» **WHAT YOU ARE ASKED TO DO**
Quote the data below in full, minus the images.
Segment Start: EXERCISE DATA
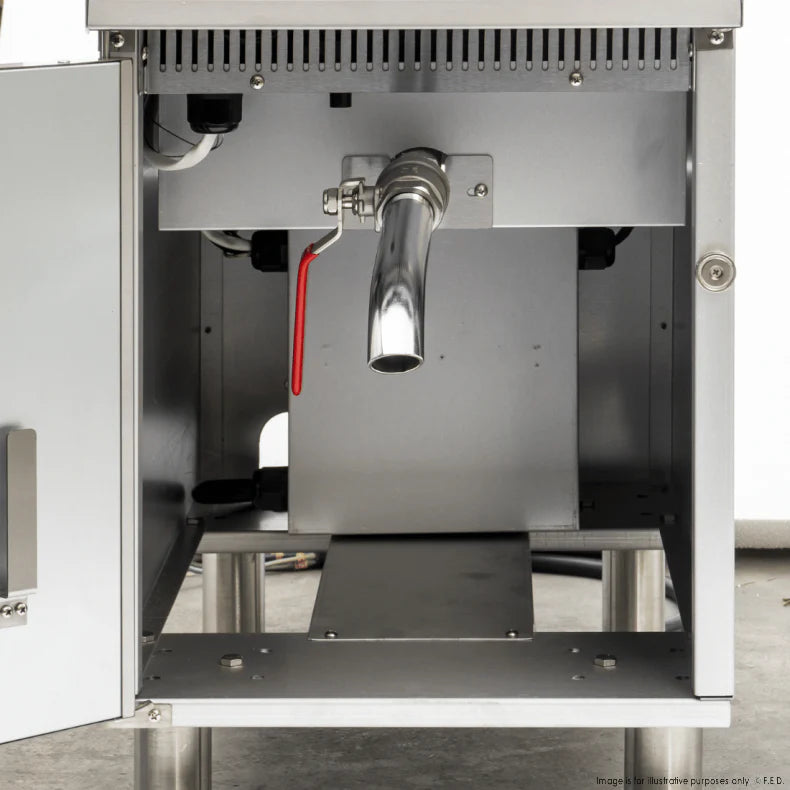 - Single Stainless Steel Vat: Robust and spacious vat for large volume frying.
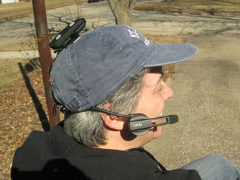 | The two-way radio will help the crew communicate with Keith about the planned stop. Here (at right) during the simulation, Shelia was wearing the headset and could pick up Keith's transmission that he was nearing the pitstop. This sets the crew into action. |
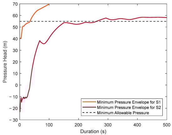 The long duration of 260 s for the demand increase is likely impractical, particularly with the opening of fire hydrants. By slightly relaxing the minimum pressure constraint from 54.9 m to 53.72 m, a shorter duration of 150 s was achieved, though this remains too long for practical application. A more viable solution could be to use a combination of duplicate pipes along with the regulation of the demand increase duration. There are two possible approaches to applying this hybrid solution. In the first approach, the designer selects a feasible duration to be used for regulating the demand increase (e.g., 15 s for operating fire hydrants [36]) and applies the optWDN model to optimize the duplicate pipe diameters needed to satisfy pressure constraints. Alternatively, the pressure envelope versus duration, as shown in Figure 16, can be utilized to select a suitable value for the demand increase duration that minimizes pressure violations or is within relatively flat regions of the envelope curve where slight variations in duration would not cause excessive changes in the corresponding minimum pressure. For example, as indicated by the envelope curve for S2, a duration of about 80 s would cause a minimum simulated pressure of 35.65 m, less by 19.25 m below the 54.9 m limit. Even if the duration control was not completely successful and the duration decreased by ~12% to 70 s, the resulting minimum simulated pressure would not decrease below the allowable threshold.
Segment End: EXERCISE DATA
» **ANSWER TO THIS PROBLEM**
 - Single Stainless Steel Vat: Robust and spacious vat for large volume frying.
 | The two-way radio will help the crew communicate with Keith about the planned stop. Here (at right) during the simulation, Shelia was wearing the headset and could pick up Keith's transmission that he was nearing the pitstop. This sets the crew into action. |
 The long duration of 260 s for the demand increase is likely impractical, particularly with the opening of fire hydrants. By slightly relaxing the minimum pressure constraint from 54.9 m to 53.72 m, a shorter duration of 150 s was achieved, though this remains too long for practical application. A more viable solution could be to use a combination of duplicate pipes along with the regulation of the demand increase duration. There are two possible approaches to applying this hybrid solution. In the first approach, the designer selects a feasible duration to be used for regulating the demand increase (e.g., 15 s for operating fire hydrants [36]) and applies the optWDN model to optimize the duplicate pipe diameters needed to satisfy pressure constraints. Alternatively, the pressure envelope versus duration, as shown in Figure 16, can be utilized to select a suitable value for the demand increase duration that minimizes pressure violations or is within relatively flat regions of the envelope curve where slight variations in duration would not cause excessive changes in the corresponding minimum pressure. For example, as indicated by the envelope curve for S2, a duration of about 80 s would cause a minimum simulated pressure of 35.65 m, less by 19.25 m below the 54.9 m limit. Even if the duration control was not completely successful and the duration decreased by ~12% to 70 s, the resulting minimum simulated pressure would not decrease below the allowable threshold.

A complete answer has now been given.